The content created using artificial intelligence begins to fill in the Internet, and this can be bad news for future AI models. Language models, such as ChatGPT, are trained on the basis of content found on the Internet. As AI creates more and more “synthetic” content, an engineering problem can arise, known as “Model Collapse”.
The filtering of synthetic data from teaching models becomes an important field of research, and will probably grow as AI content fills the Internet. Ouroboros is an ancient symbol of a snake that absorbs its own tail. In the AI era, this symbolism acquires a new, acute meaning. When the editorial content created by the AI language models begins to fill in the Internet, this is accompanied by many errors.
The Internet is a source on which these language models are trained. In other words, AI “absorbs” itself. AI can start training on data full of errors, until what he tried to create will not become complete nonsense.
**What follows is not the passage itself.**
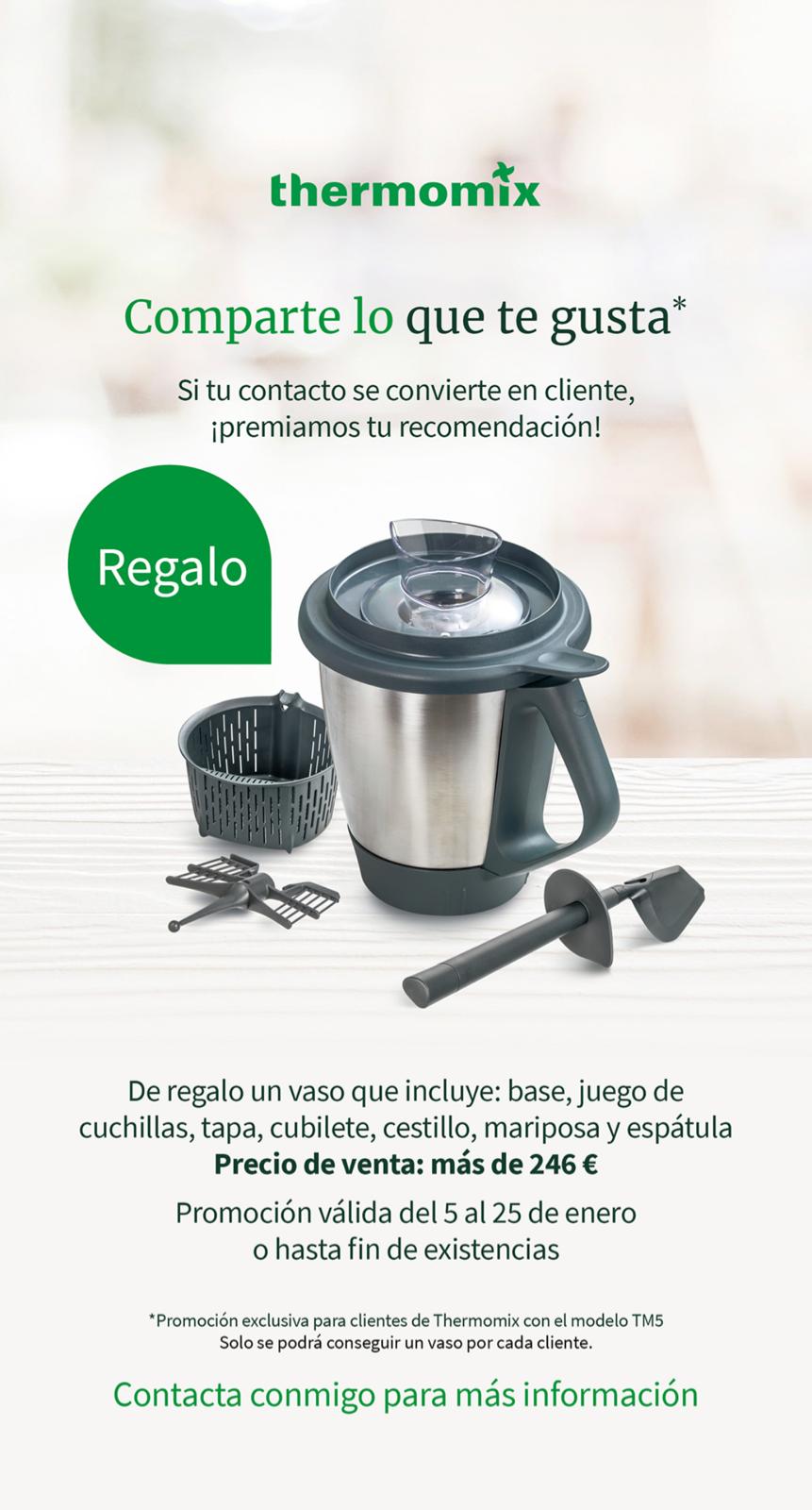Después de estas fiestas navideñas Vorwerk nos ayuda con la cuesta de Enero y que mejor que dos grandes regalos. Facilita un contacto que finalice en venta y llévate un segundo vaso completo para tu Tm5, si si has leido bien un vaso completo. Y si tienes otro modelo de Thermomix facilita un contacto para que vea una demostración y llévate 30 euros para la tienda on line. No dejes pasar esta oportunidad.

This is what AI researchers call the “model collapse.” In one of the recent studies a language model was used to generate the text about English architecture. After multiple AI training on this synthetic test, the answer of the 10th model was completely meaningless.
In order to effectively train new AI models, companies need data that are not spoiled by synthetically created information. Alex Dimakis, the co -director of the AI National Institute on the basics of machine learning, says that a small collection of high -quality data can surpass a large synthetic one. At the moment, engineers have to sift the data to make sure that AI does not study on the synthetic data that he created.